Above: Sample of Teochew speech from entrepreneur Li Ka-shing.

Since I like learning languages, naturally I started learning my girlfriend’s native tongue soon after we started dating. It helped that I spoke Mandarin, but Teochew is not close enough to simply pick up by osmosis, it still requires deliberate study. Compared to other languages I’ve learned, Teochew is challenging because very few people try to learn it as a foreign language, thus there are few language-learning resources for it.

Writing System

The first hurdle is that Teochew is primarily spoken, not written, and does not have a standard writing system. This is the case with most Chinese dialects. Almost all Teochews are bilingual in Standard Chinese, which they are taught in school to read and write.
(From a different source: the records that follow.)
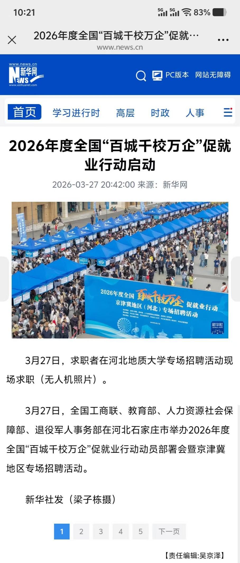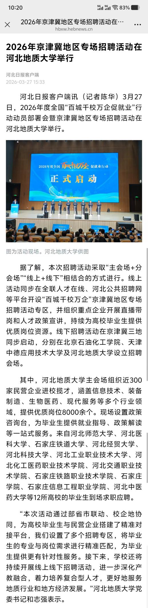 3月27日,2026“百城千校万企促就业”行动动员部署会暨京津冀地区(河北)专场招聘活动在beat365在线唯一官网登录举行。本次活动由全国工商联、教育部、人力资源和社会保障部、退役军人事务部联合主办。
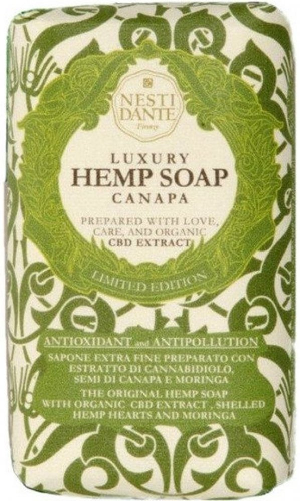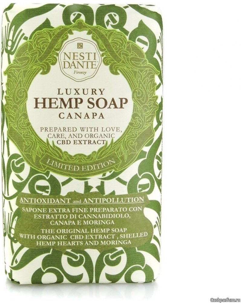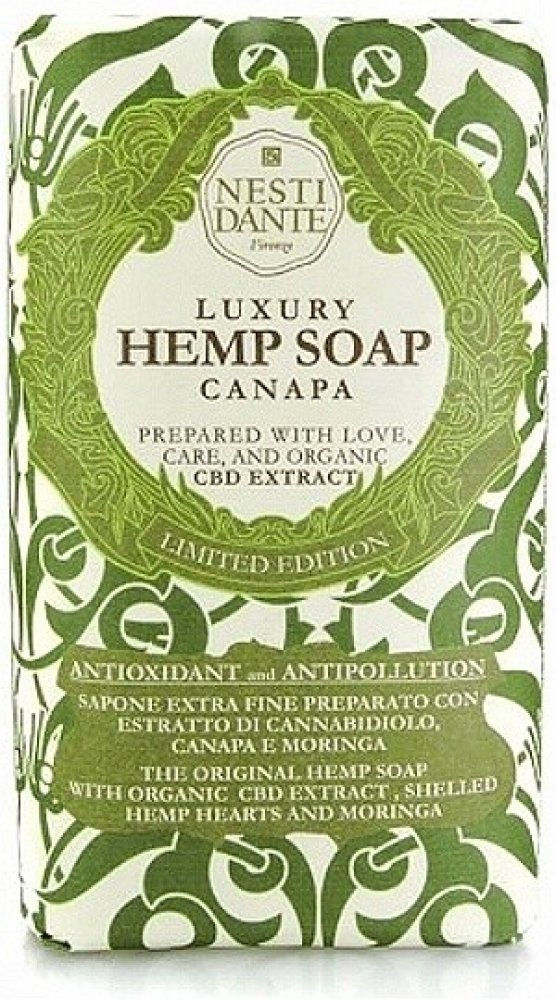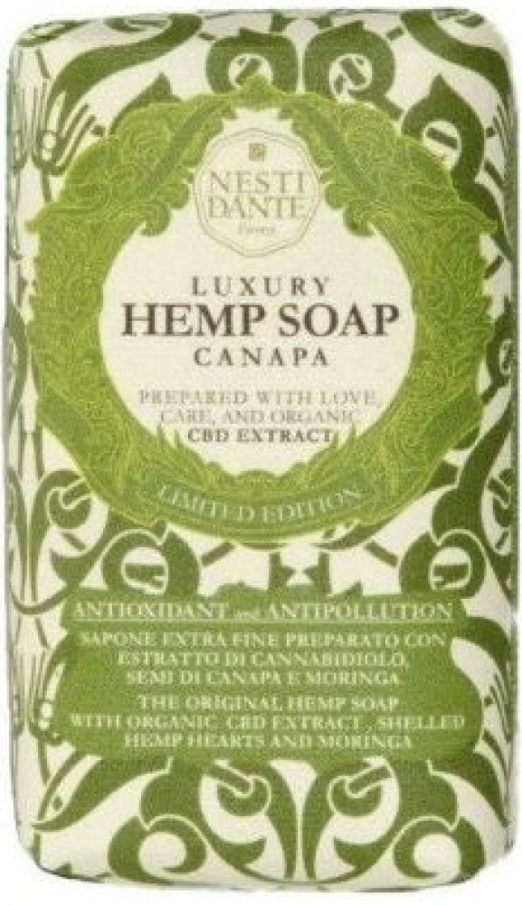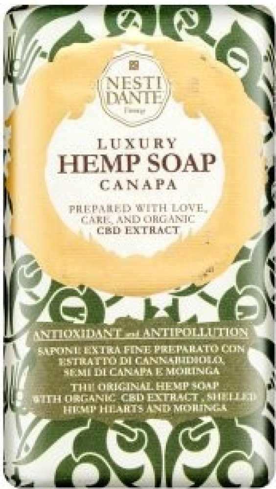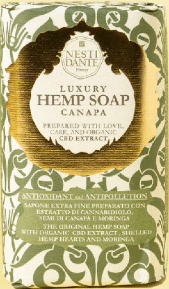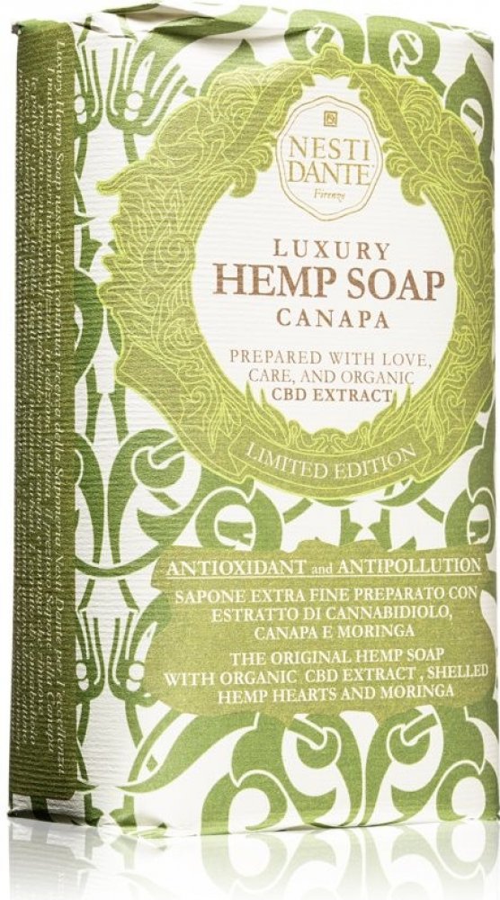 Konopné mýdlo připravené z extraktu z konopí, semen konopí a moringy, které odstraňuje prach a chrání pokožku před městskými znečišťujícími látkami. Extrakt kanabidiolu bohatý na chlorofyl a devět esenciálních aminokyselin je silný antioxidant, vynikající pro hlubokou hydrataci a dodávání pokožce na pružnosti.
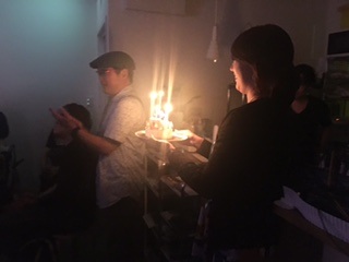 可愛いケーキに、皆さんからのハッピーバースデーソング。
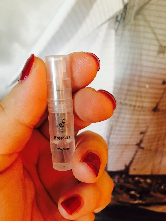 Just idag testar jag Komorebi och den är inte alls ”min”. Även om öppningen är trevlig (som en fruktträdgård en sommarmorgon, små blommigt sådär) så i hjärtat och basen finns det så stark metallisk marinackord som gör att jag kommer välja bort doften, tyvärr. Mysken kan ibland inta en sådan udda form som jag inte klarar av.

Sometimes people try to write Teochew using Chinese characters by finding the equivalent Standard Chinese cognates, but there are many dialectal words which don’t have any Mandarin equivalent. In these cases, you can invent new characters or substitute similar sounding characters, but there’s no standard way of doing this.

Still, I needed a way to write Teochew, to take notes on new vocabulary and grammar. At first, I used IPA, but as I became more familiar with the language, I devised my own romanization system that captured the sound differences.

Cognates with Mandarin

Note (Jul 2020): People in the comments have pointed out that some of these examples are incorrect. I’ll keep this section the way it is because I think the high-level point still stands, but these are not great examples.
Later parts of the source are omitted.